Art imitates life -- too well

The following article appeared in the NY Times online edition this afternoon:

Rusting in a Crane Yard, Steel Art With a Pedigree


Richard Perry/The New York Times
A massive sculpture by Richard Serra stands in a fenced lot in the South Bronx. 

By Sam Dolnick
To see gargantuan steel sculptures fashioned by Richard Serra, you could visit the Guggenheim in Bilbao, Spain, or the Ida: Beacon, 60 miles north of New York City. Or you could go to a crane yard near a heating-oil terminal in Port Morris, an industrial section of the South Bronx.

There, amid belching smokestacks and clanging delivery trucks, sits artwork made by Mr. Serra, a secret grace note in a decidedly ungraceful block. The briny air from the river just steps away blows across the steel plates, bent in a trademark Serra arc that would be recognized on the moon — which, in the art world, Port Morris might as well be.
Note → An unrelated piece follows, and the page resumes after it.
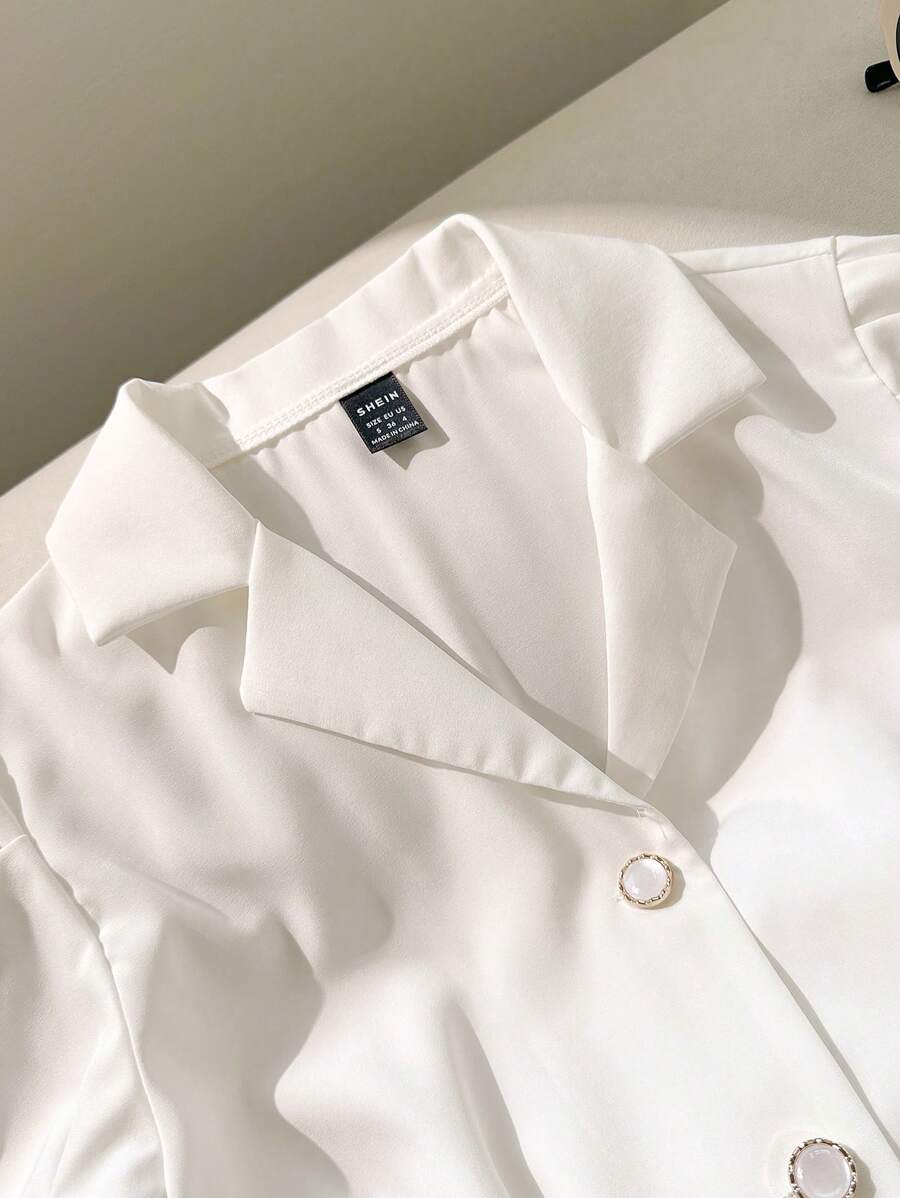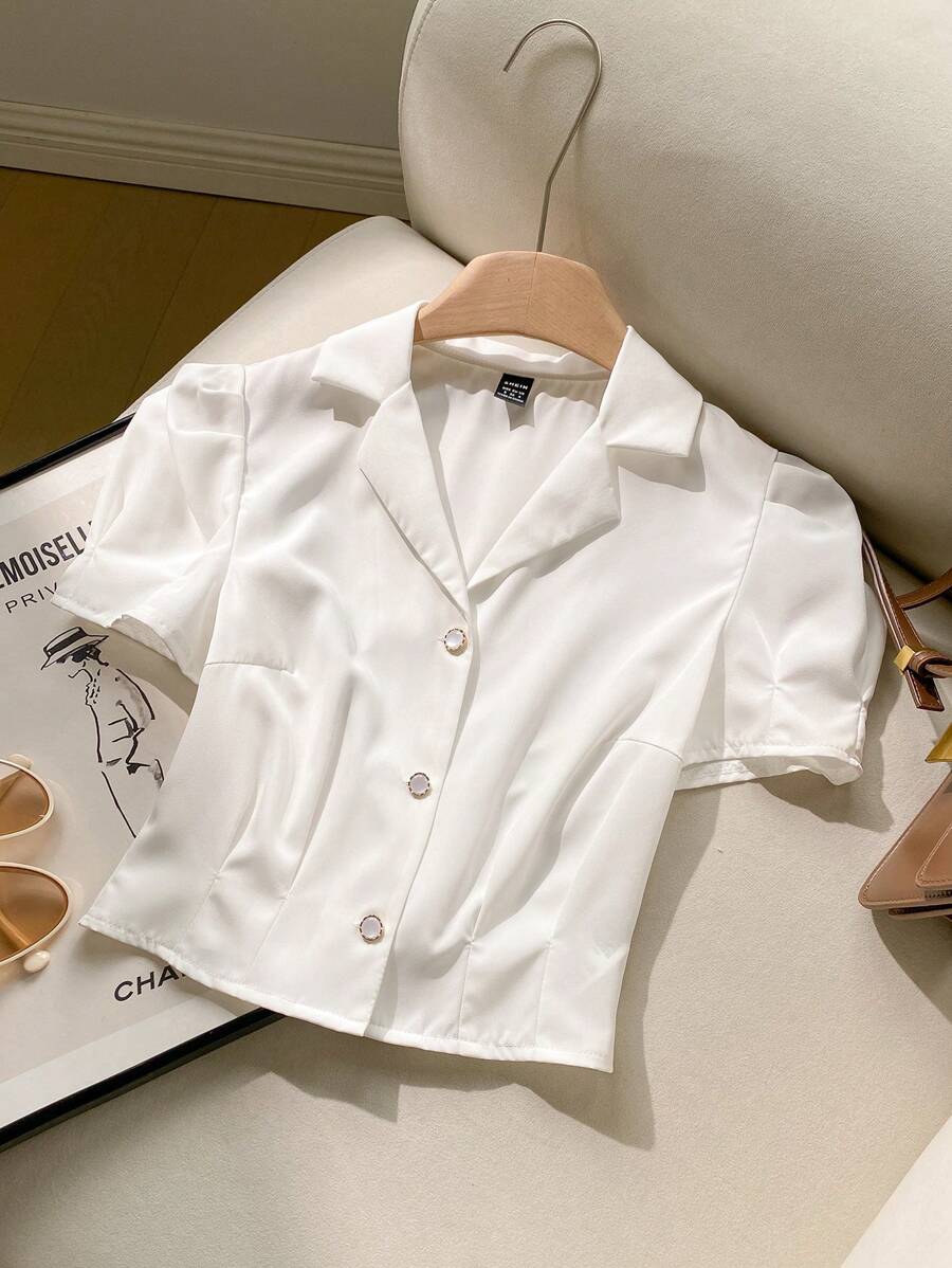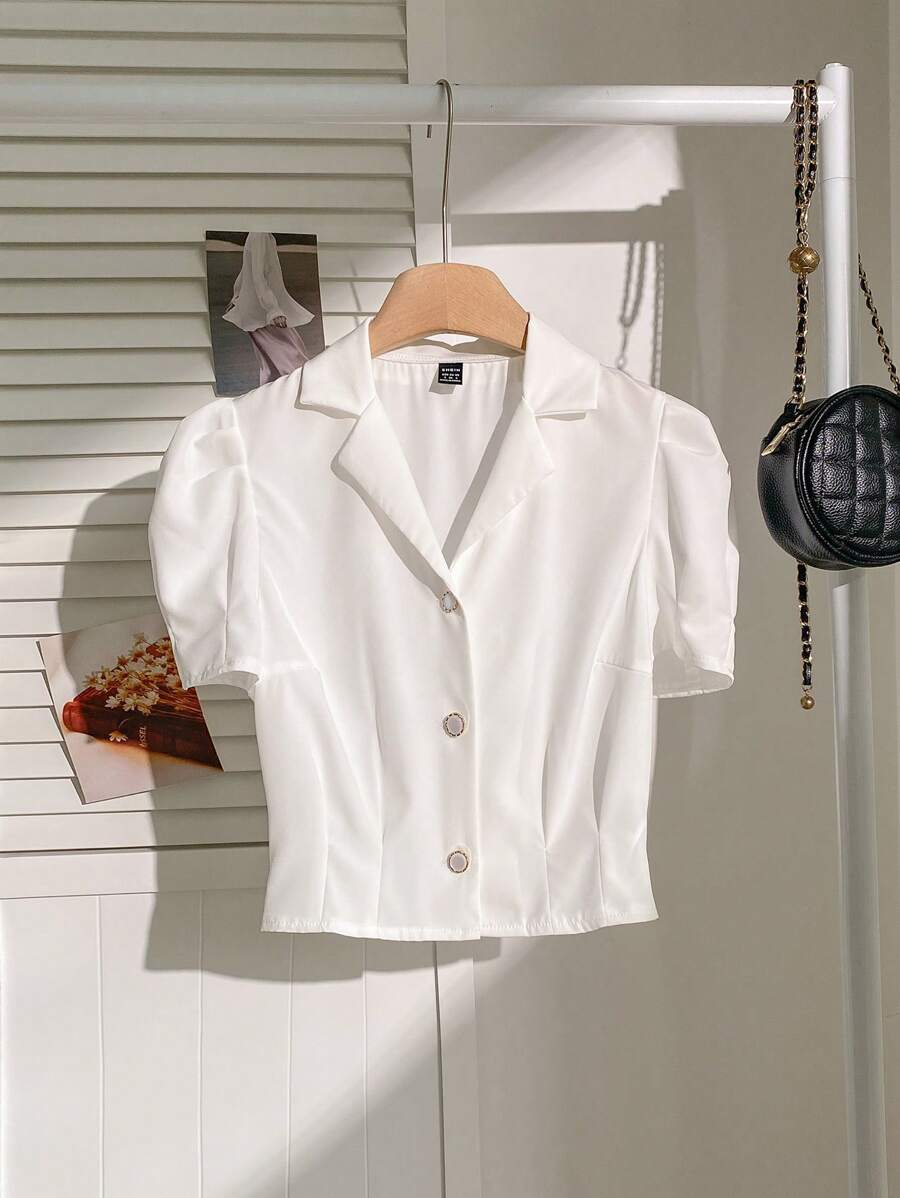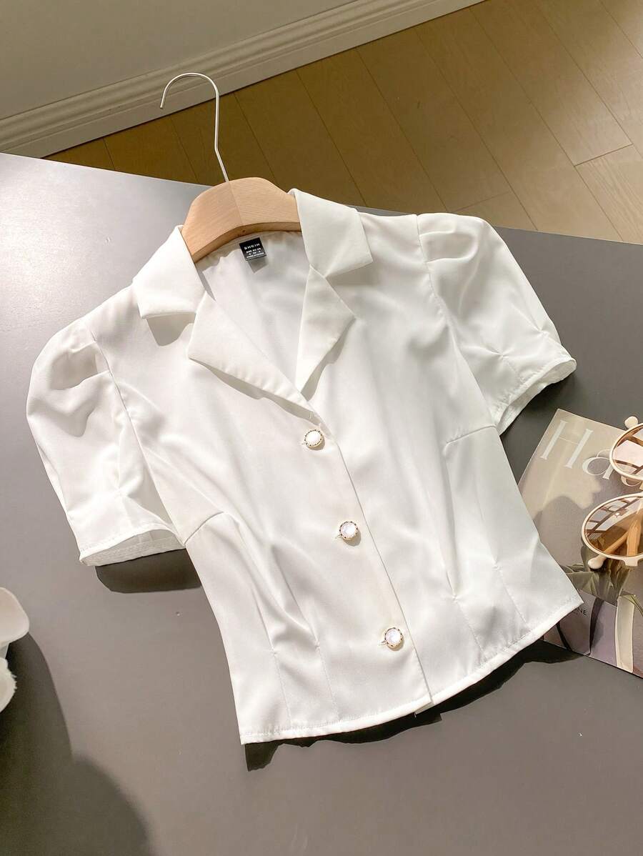 Summer White Lapel Collar Puff Sleeve Button Up Blouse

This is just too perfect. Most of Serra's sculptures look like a part of the hull of a rusty old oil tanker, and they would actually look far more at home in a shipyard than at the Guggenheim. It certainly doesn't look at all out of place in this heating oil terminal. The article describes his work as a "secret grace note." It's probably a very well kept secret -- exactly zero people who drive by the yard probably recognize it as art.

In the picture above, the heavy duty construction truck actually looks more like art than Serra's sculpture; at least there's a certain beauty to its functionality, whereas the "sculpture" is perfectly useless. (Doesn't "sculpture" imply that some sculpting has gone on?) Serra's work looks like a misplaced factory smokestack, or perhaps one of those containers where they store the salt they put on snowy roads. It's probably the ugliest thing in that terminal yard.

But Sam Dolnick, the author of the Times article, doesn't feel that way. In a later paragraph he says: 


Whether art or art-to-be, it is striking just the same. Seen from the lot next door, it is a rusty mirage, an amber curve that overshadows a nearby crane truck and stands next to a corrugated tin shed of similar size if not sensuality. When the sun hits the delicate outer slope, it shimmers. In place of the usual curatorial card that might provide some insight as to the material or inspiration behind the work, there is a sign saying, “No Trespassing, No Dumping.” 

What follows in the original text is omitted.